How to Improve runbook-generator skill
Improve runbook-generator inputs before asking for output
The biggest quality gain comes from better source facts. Before invoking runbook-generator, gather:
- Service name, owner, Slack channel, and escalation path.
- Environment, runtime, deployment tool, and CI/CD workflow.
- Health endpoints, smoke tests, dashboards, and alert names.
- Dependency list: databases, queues, APIs, caches, and third-party services.
- Rollback method, last-known-good release source, and rollback triggers.
- Recent incidents or known failure modes.
These details prevent the draft from becoming a generic operations page.
Replace placeholders with verifiable procedures
Common failure modes include vague steps like “check logs,” “monitor metrics,” or “rollback if needed.” Convert them into executable instructions:
- Instead of “check logs,” write the exact log query or dashboard link.
- Instead of “run smoke tests,” list commands and expected responses.
- Instead of “rollback if errors occur,” define thresholds and time windows.
- Instead of “contact owner,” name the PagerDuty service, Slack channel, and backup team.
A runbook is useful when an on-call engineer can follow it under pressure without guessing.
Use templates to expand beyond the default scaffold
After the first draft, use references/runbook-templates.md to add depth where the service needs it.

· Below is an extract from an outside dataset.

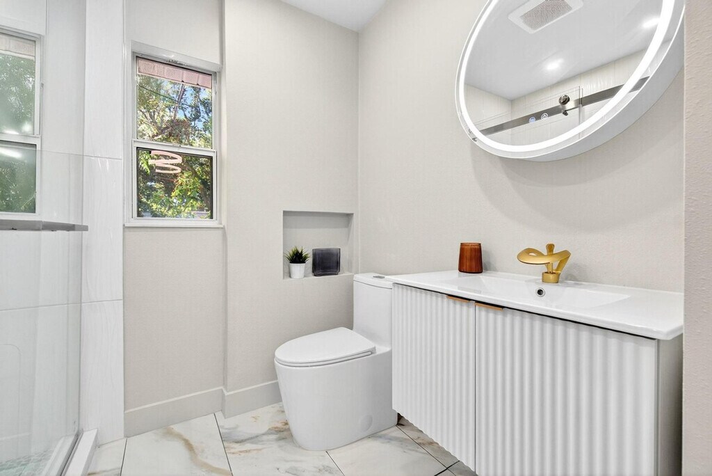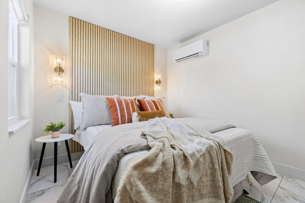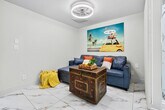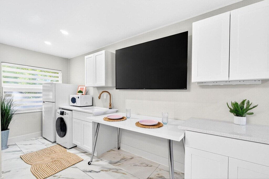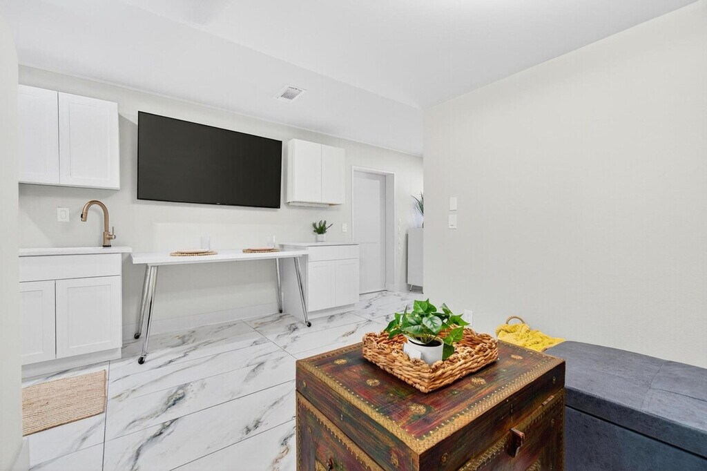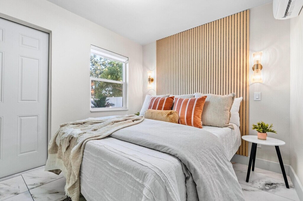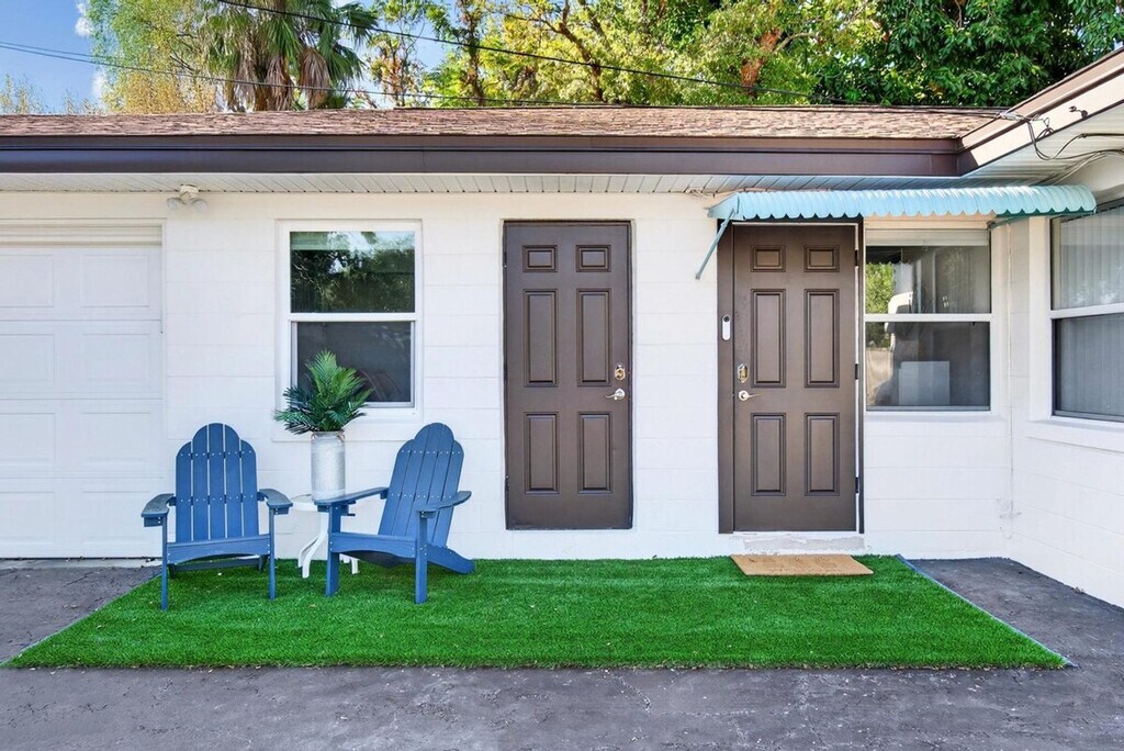 Feel at home in this newly renovated 1-bedroom cottage, offering a bright and cozy beachside retreat. This coastal retreat offers a bright, open layout with stylish decor and marble-look tile flooring. The cozy bedroom features a plush queen bed and hotel-quality linens. The living area includes a comfy sectional with a pull-out, colorful splashes, and a large smart TV. The sleek kitchenette is fully equipped with a full-size fridge, double burner stove with convection cookware, microwave, coffee maker, sink, dishes, and a dining table. An in-unit washer/dryer combo unit is included for your convenience. The spa-inspired bathroom features an oversized glass-enclosed shower with beautiful tilework and modern fixtures. Guests have private access to the entire apartment, including a private entry door, a private outdoor seating area with Adirondack chairs, free on-site parking, and high-speed Wi-Fi. Shared spaces include the outdoor BBQ grill and spacious yard. Long-term stays are welcome. Located in a peaceful residential neighborhood just minutes from Madeira & Redington Beach, this apartment offers quick access to local restaurants, coffee shops, waterfront parks, and boutique shopping. The studio is attached to the main home but is fully private with its own entrance. This apartment is perfect for couples, solo travelers, or business stays. [SI]

For a deployment-heavy service, add pre-deployment checks, artifact verification, smoke tests, and communication notes. For incident response, add first-five-minute triage, diagnosis sources, mitigation options, and postmortem actions. For database work, add backup verification, lock-risk notes, sequencing, and restore checks.
Iterate after staging and real incidents
The best runbooks improve through use. After a staging dry-run, update broken commands, missing permissions, unclear expected outputs, and timing assumptions. After an incident, add what responders actually needed: faster diagnosis links, clearer severity mapping, safer mitigation steps, or a better rollback threshold. Keep the Last verified field current, and review the runbook whenever deployment configs, CI pipelines, schemas, or runtime environment files change.